DATA FOR ANALYSIS START

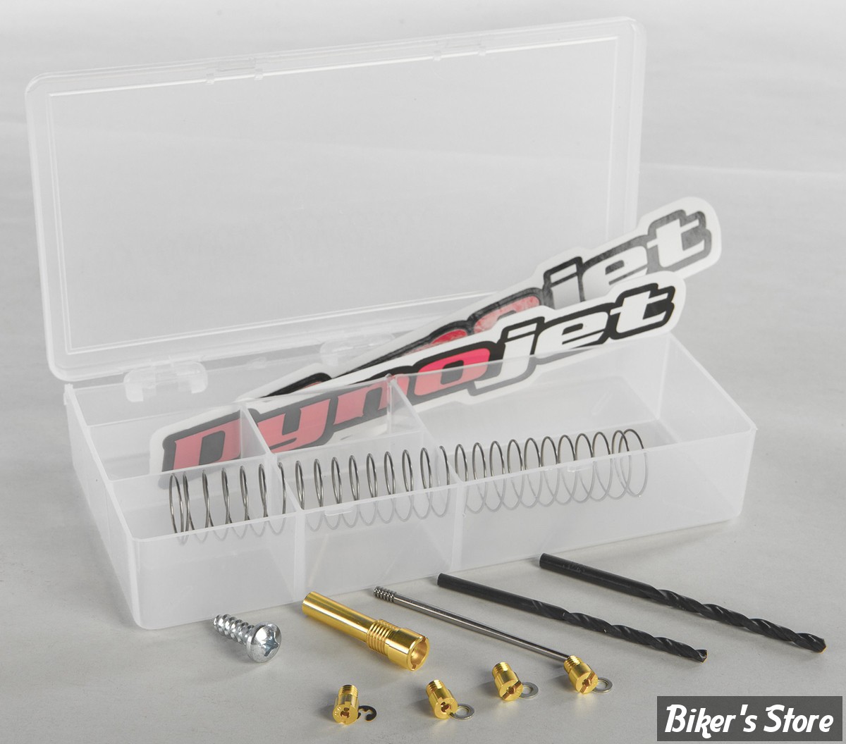 Ces nouveaux kits de réglage de carburateurs de Dyno-Jet constituent la meilleure solution pour l’élimination des trous à l’accélération des modèles Sportster et Big Twin de 1988 au présent équipés de carburateurs CV Keihin (origine). Les kits DynoJet permettent le réglage facile du carburateur sur les moteurs de série, sur les moteurs avec cames et échappements à haute performance et les motos equipées de filtre à ait aftermarket au débit d'air plus important. Chaque kit comprend un manuel de directions étape par étape. Il comprend aussi une gamme de gicleurs principaux, un diffuseur, une aiguille réglable avec intercalaires, un ressort et des forets.
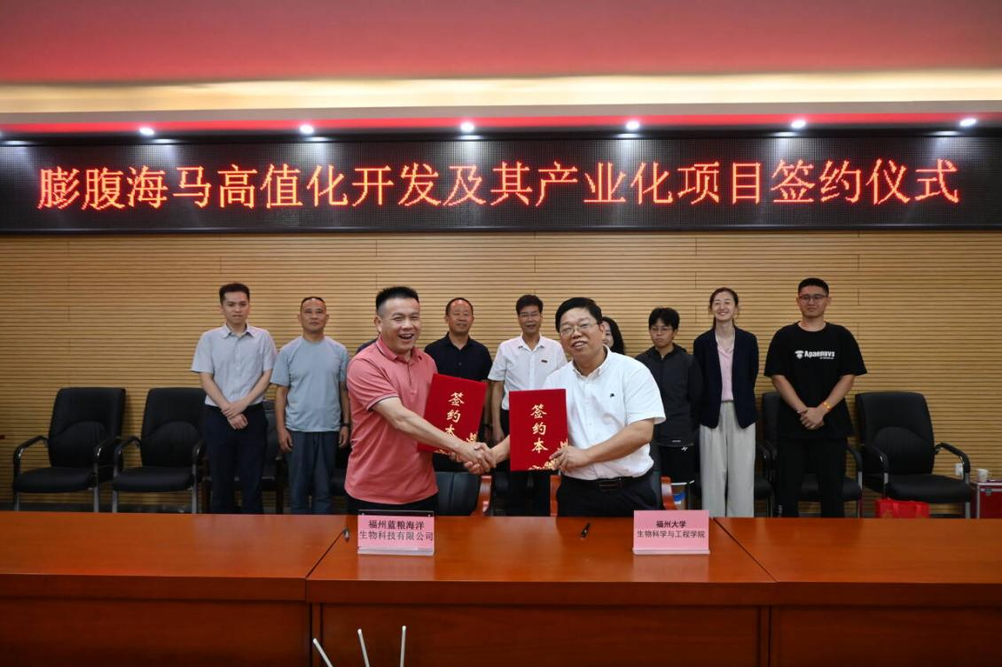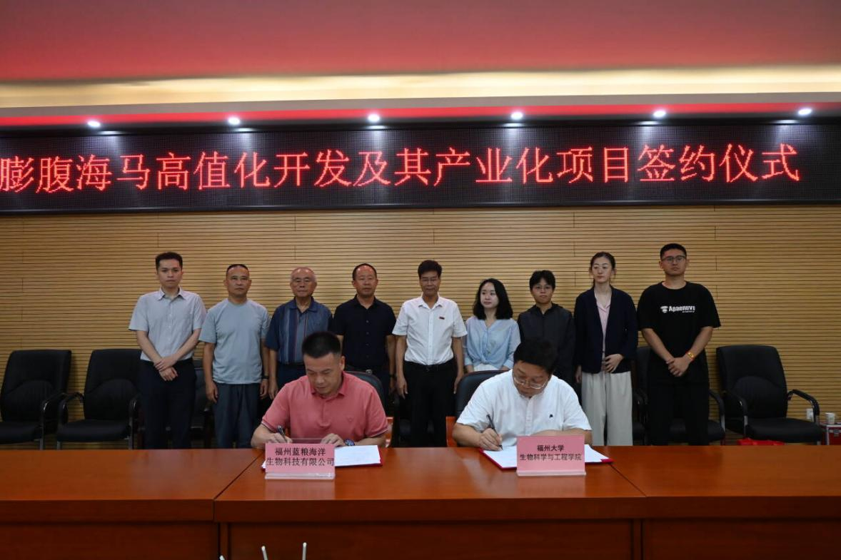 的科研平台,共同攻克技术难题,提升膨腹海马的产品附加值,以期开拓广阔的市场。随后,林向阳教授与蓝粮海洋生物科技有限公司总经理吴国斌先生作为双方代表,共同签署了校企合作协议。
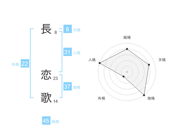 長 恋歌さんの総格は45画の4点!
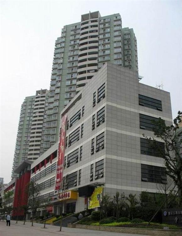 装有观光电梯的"厚德楼"充分展示了工商大学的派头,与背后的学生宿舍"小布达拉宫"相映成趣。
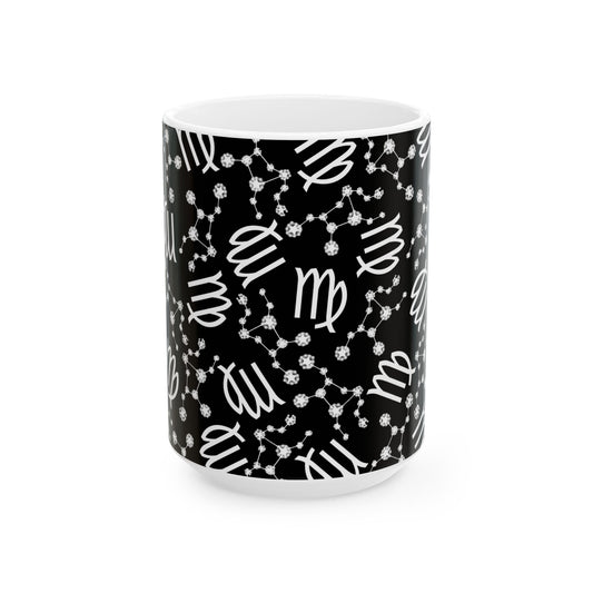 Ceramic Mug, (11oz, 15oz), Ceramic Coffee Mug, AOP, Constellation & Symbol, Virgo Zodiac Design
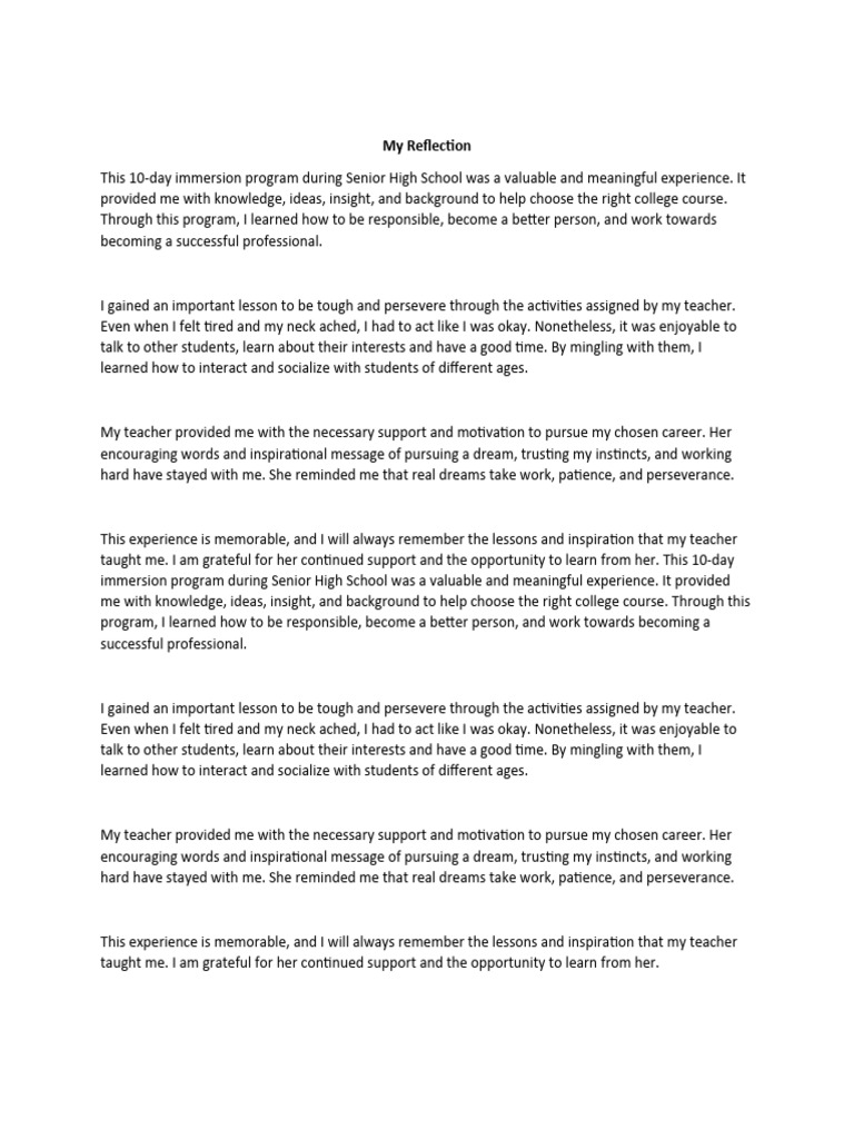immersion program during Senior High School was a valuable and meaningful experience. It provided
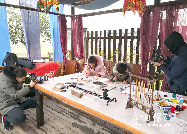 本刊消息 2月6日,央视新闻频道栏目《一年又一年》摄制组来到绵竹,对我市非物质文化遗产绵竹年画进行了专题采访。 当天上午,节目编导、摄像师等一行5人走进孝德镇年画村三彩画坊,对绵竹年画的特色、表现方式及制作工艺等进行深度采访,并对年画之乡的过年氛围进行拍摄。 记者了解到,此次栏目组在全国范围内选取了年画、花馍、剪纸、泥塑等具有年味的非遗项目代表作为拍摄对象,并选点绵竹,于2月5至8日对绵竹年画进行专题采访。期间,摄制组还将采访拍摄我市年画节开幕式活动等,并于2月15日(农历大年三十)在央视新闻频道播出。 据悉,央视新闻频道春节大型特别节目《一年又一年》自2002年底推出,是作为央视春晚的预热节目,给人以过年的喜庆劲,以充满了年味的《春节序曲》和全国一些地方的实时镜头作为开头,一般由央视新闻频道著名主持人轮番主持。节目一般从除夕上午9时开播,直到春晚结束后才结束直播。 当天,央视新闻中心四川记者站记者也来到我市,对我市第十七届年画节筹备情况及开幕式盛况进行采访拍摄。
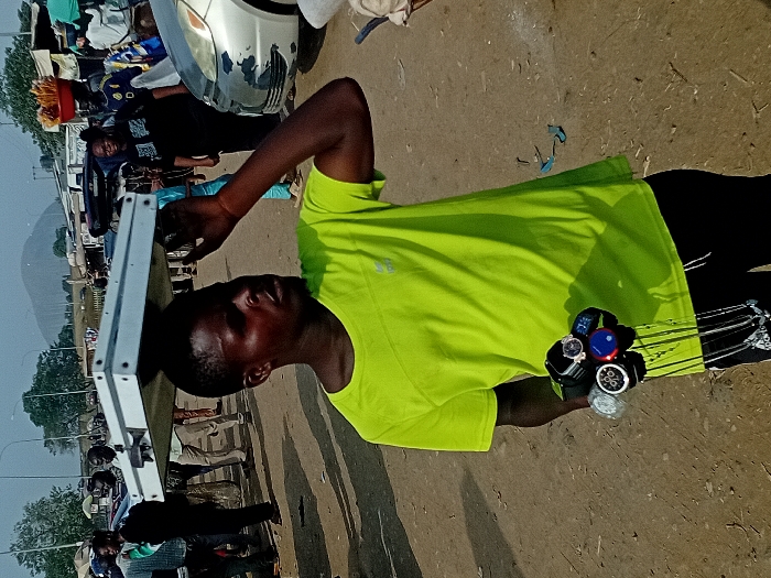 A man in a bright green shirt is holding a case over his head and has several watches on his hand. He appears to be walking on a street alongside parked cars and other people. In the distance, there is a mountain and trees. The ground is paved.
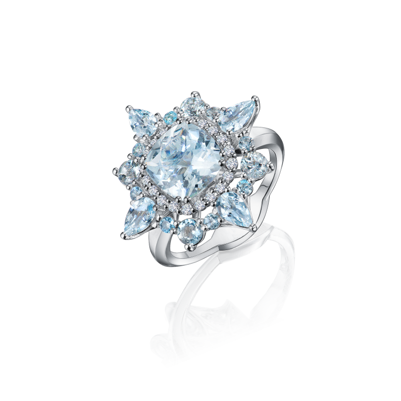Antique, pear and round-cut aquamarines. Round-cut diamonds.
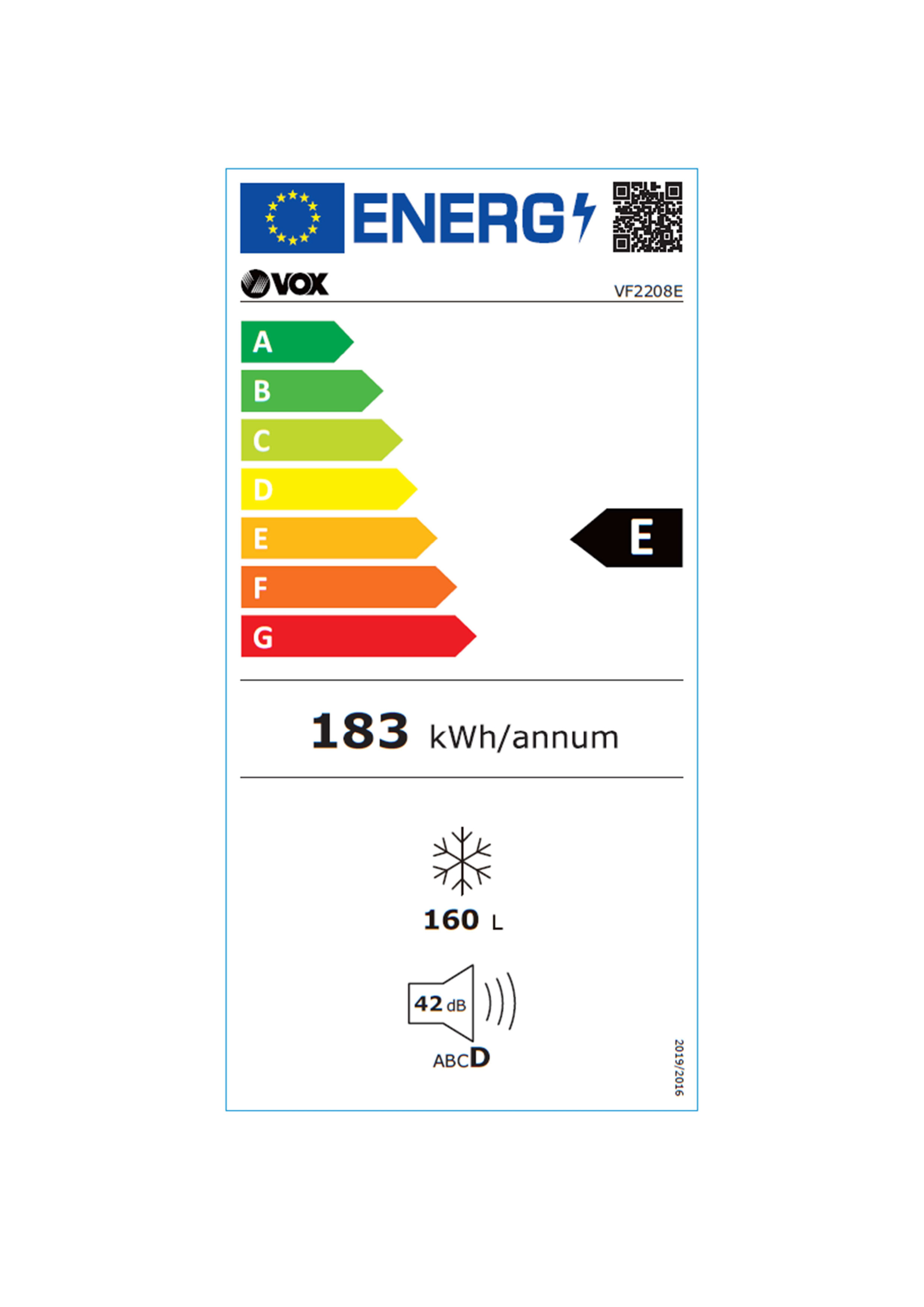 VOX Vertikalni zamrzivač VF 2208 E je dizajniran da zadovolji sve vaše potrebe za zamrzavanjem, uz zadržavanje energetske efikasnosti. Sa godišnjom potrošnjom energije od 183 kWh, ovaj zamrzivač spada u energetsku klasu E, što ga čini ekonomičnim izborom za vašu kuhinju.
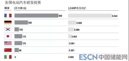 在技術(shù)層面,排名最后的兩位是中國(guó)和意大利。從研發(fā)支持角度來(lái)看差距尤為突出,中國(guó)電動(dòng)汽車研發(fā)投資僅為9800萬(wàn)歐元,對(duì)比研發(fā)投資金額最高的法國(guó),簡(jiǎn)直云泥之別。
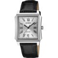 Questo orologio Casio ha una cassa in Inox con un diametro di 32 mm ed è dotato di un cinturino in Pelle. All'interno della cassa si trova un movimento di Casio e l'orologio è dotato di un cristallo di Minerale.
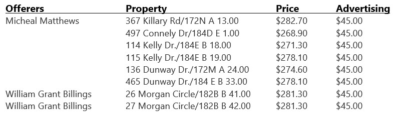 RESOLUTION 12-2022-1 – TO ACCEPT OFFER(S) TO PURCHASE DELINQUENT TAX PROPERTY OWNED BY CUMBERLAND COUNTY (HOLBROOK) The following delinquent tax properties were approved unanimously for purchase and will now go back on the tax rolls.

DATA FOR ANALYSIS END

PROBLEM TO SOLVE » Write every record out again exactly as written. Pictures don't belong in the copy.

SOLVED PROBLEM »
 Ces nouveaux kits de réglage de carburateurs de Dyno-Jet constituent la meilleure solution pour l’élimination des trous à l’accélération des modèles Sportster et Big Twin de 1988 au présent équipés de carburateurs CV Keihin (origine). Les kits DynoJet permettent le réglage facile du carburateur sur les moteurs de série, sur les moteurs avec cames et échappements à haute performance et les motos equipées de filtre à ait aftermarket au débit d'air plus important. Chaque kit comprend un manuel de directions étape par étape. Il comprend aussi une gamme de gicleurs principaux, un diffuseur, une aiguille réglable avec intercalaires, un ressort et des forets.
 的科研平台,共同攻克技术难题,提升膨腹海马的产品附加值,以期开拓广阔的市场。随后,林向阳教授与蓝粮海洋生物科技有限公司总经理吴国斌先生作为双方代表,共同签署了校企合作协议。
 長 恋歌さんの総格は45画の4点!
 装有观光电梯的"厚德楼"充分展示了工商大学的派头,与背后的学生宿舍"小布达拉宫"相映成趣。
 Ceramic Mug, (11oz, 15oz), Ceramic Coffee Mug, AOP, Constellation & Symbol, Virgo Zodiac Design
immersion program during Senior High School was a valuable and meaningful experience. It provided
 本刊消息 2月6日,央视新闻频道栏目《一年又一年》摄制组来到绵竹,对我市非物质文化遗产绵竹年画进行了专题采访。 当天上午,节目编导、摄像师等一行5人走进孝德镇年画村三彩画坊,对绵竹年画的特色、表现方式及制作工艺等进行深度采访,并对年画之乡的过年氛围进行拍摄。 记者了解到,此次栏目组在全国范围内选取了年画、花馍、剪纸、泥塑等具有年味的非遗项目代表作为拍摄对象,并选点绵竹,于2月5至8日对绵竹年画进行专题采访。期间,摄制组还将采访拍摄我市年画节开幕式活动等,并于2月15日(农历大年三十)在央视新闻频道播出。 据悉,央视新闻频道春节大型特别节目《一年又一年》自2002年底推出,是作为央视春晚的预热节目,给人以过年的喜庆劲,以充满了年味的《春节序曲》和全国一些地方的实时镜头作为开头,一般由央视新闻频道著名主持人轮番主持。节目一般从除夕上午9时开播,直到春晚结束后才结束直播。 当天,央视新闻中心四川记者站记者也来到我市,对我市第十七届年画节筹备情况及开幕式盛况进行采访拍摄。
 A man in a bright green shirt is holding a case over his head and has several watches on his hand. He appears to be walking on a street alongside parked cars and other people. In the distance, there is a mountain and trees. The ground is paved.
Antique, pear and round-cut aquamarines. Round-cut diamonds.
 VOX Vertikalni zamrzivač VF 2208 E je dizajniran da zadovolji sve vaše potrebe za zamrzavanjem, uz zadržavanje energetske efikasnosti. Sa godišnjom potrošnjom energije od 183 kWh, ovaj zamrzivač spada u energetsku klasu E, što ga čini ekonomičnim izborom za vašu kuhinju.
 在技術(shù)層面,排名最后的兩位是中國(guó)和意大利。從研發(fā)支持角度來(lái)看差距尤為突出,中國(guó)電動(dòng)汽車研發(fā)投資僅為9800萬(wàn)歐元,對(duì)比研發(fā)投資金額最高的法國(guó),簡(jiǎn)直云泥之別。
 Questo orologio Casio ha una cassa in Inox con un diametro di 32 mm ed è dotato di un cinturino in Pelle. All'interno della cassa si trova un movimento di Casio e l'orologio è dotato di un cristallo di Minerale.
 RESOLUTION 12-2022-1 – TO ACCEPT OFFER(S) TO PURCHASE DELINQUENT TAX PROPERTY OWNED BY CUMBERLAND COUNTY (HOLBROOK) The following delinquent tax properties were approved unanimously for purchase and will now go back on the tax rolls.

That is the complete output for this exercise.